### WHAT THE TASK REQUIRES
No picture should appear in the copy. Transcribe exactly, and only, the lines from the one with "Fairycore Collar de" through the last line of the data below.

--- SUPPLIED INFORMATION Enclosed Below ---

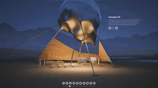 SECONDARY BOUNCE developed an interactive application for architectural project visualization, offering an innovative and immersive experience. The application allows users to explore the project through different cameras, each functioning as an “interactive page” that combines technical and material information with scenes showcasing how architectural elements are used in context. Additionally, it provides various interactive features, such as adjusting the time of day, changing weather conditions (clear skies, rain, or snow), and disassembling architectural elements to reveal their internal structure.
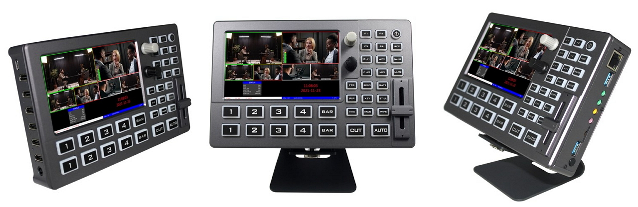 微型全功能切换台HDS8301,自带5寸液晶屏及物理按键。设备集成多画面预监处理器、特效发生器、音频处理器及视频流媒体处理等切换台常用组件。接口支持4路HDMI输入,话筒及线路输入,PGM/MultiView输出,模拟音频输出及Tally输出。PGM视频流可通过UVC及RTMP网络流输出,也可以记录到TF卡或外置存储中。
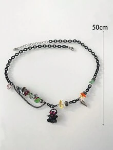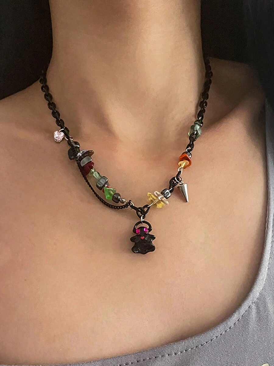 Fairycore Collar de cadena con dibujos animados con adorno de fantasma al azar piedra
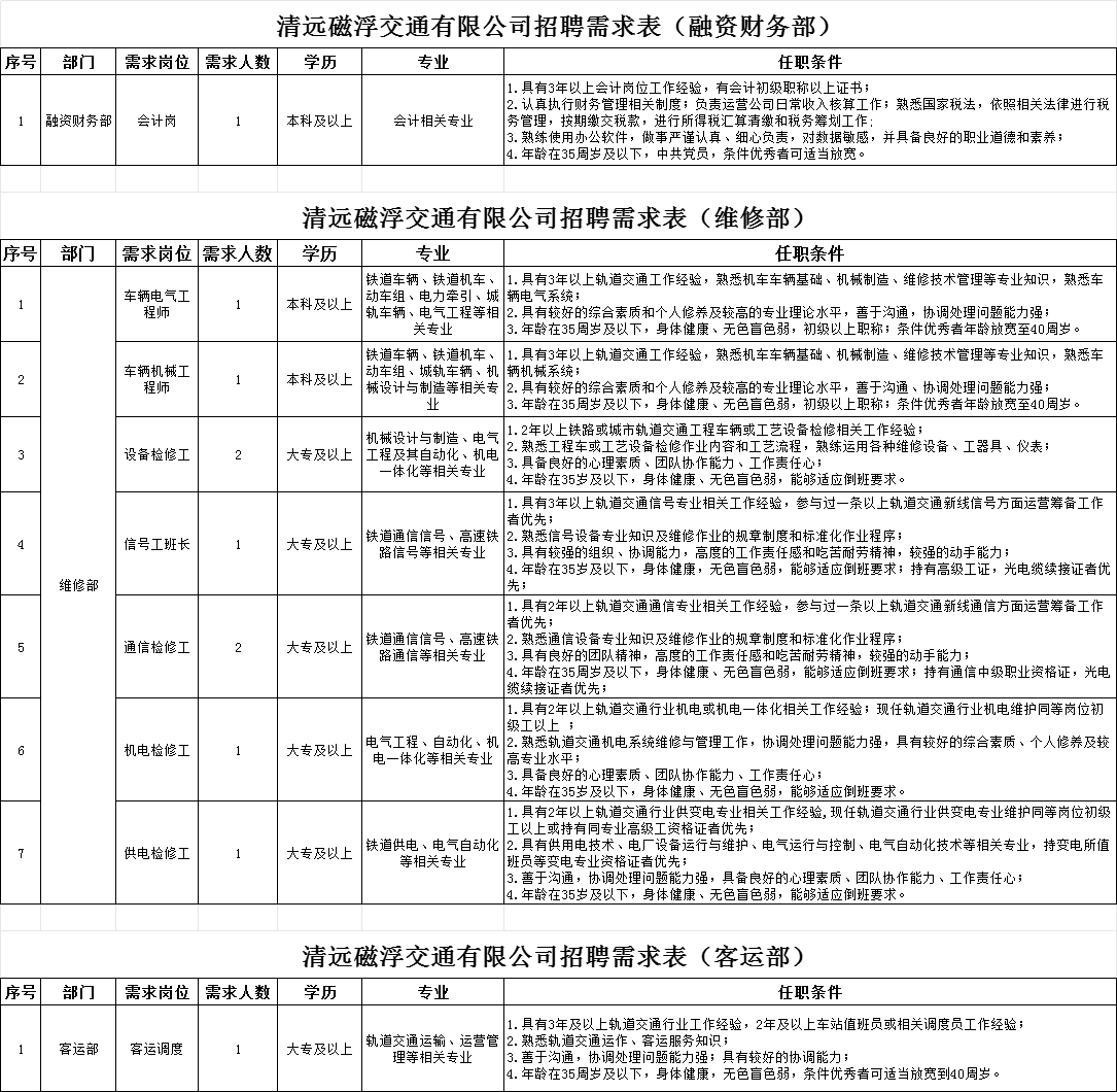 國企招聘!清遠(yuǎn)磁浮交通有限公司2023年招聘公告

--- End of Enclosed SUPPLIED INFORMATION ---

### FINISHED TASK
 Fairycore Collar de cadena con dibujos animados con adorno de fantasma al azar piedra
 國企招聘!清遠(yuǎn)磁浮交通有限公司2023年招聘公告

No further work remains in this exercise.